General Session » GS-5 Language media processing

[3J4-GS-6c] 言語メディア処理:言語モデル

Thu. Jun 10, 2021 3:20 PM - 5:00 PM Room J (GS room 5)

座長:人見 雄太(Insight Edge)

3:20 PM - 3:40 PM

[3J4-GS-6c-01] Weight and Activation Ternarization in BERT

〇Soichiro Kaku1, Kyosuke Nishida1, Sen Yoshida1 (1. NTT Media Intelligence Laboratories, NTT Corporation)

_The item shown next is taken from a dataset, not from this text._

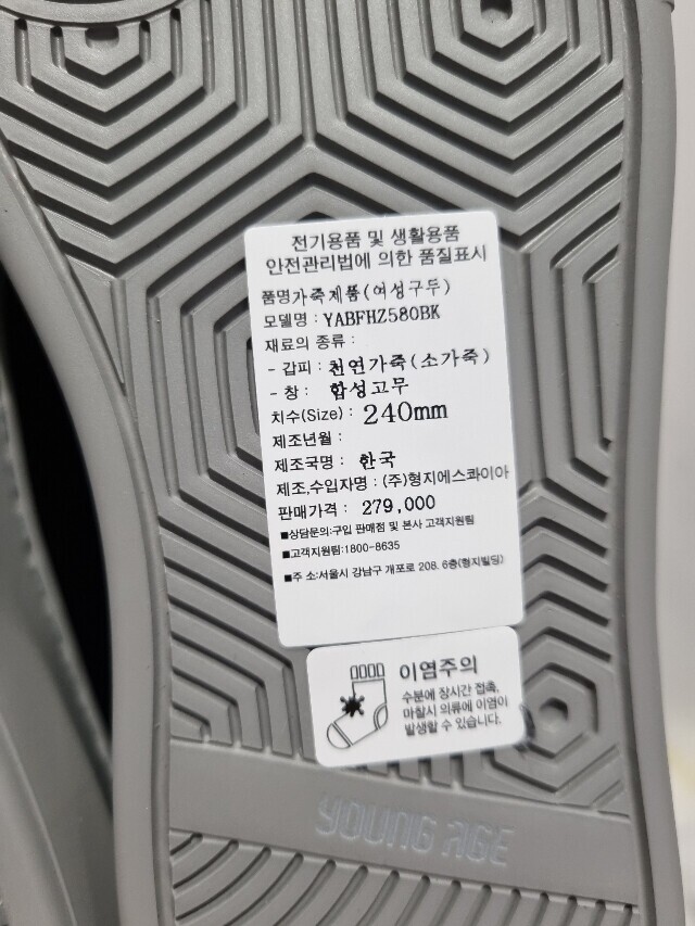 | 1. 제품 소재 (운동화인 경우에는 겉감, 안감을 구분하여 표시) | 소가죽 |

Keywords:deep learning, language model, quantization

Quantization techniques that approximate float values with a small number of bits have been attracting attention to reduce the model size and speed of pre-trained language models such as BERT. On the other hand, quantization of activation (input to each layer) is mostly done with 8 bits, and it is empirically known that approximation with less than 8 bits is difficult to maintain accuracy.
In this study, we consider outliers in the intermediate representation of BERT to be a problem, and propose a ternarization method that can deal with outliers in the activation of each layer of the pre-trained BERT. Experimental results show that the ternarized model of weight and activation outperformed the previous method in language modeling and downstream tasks.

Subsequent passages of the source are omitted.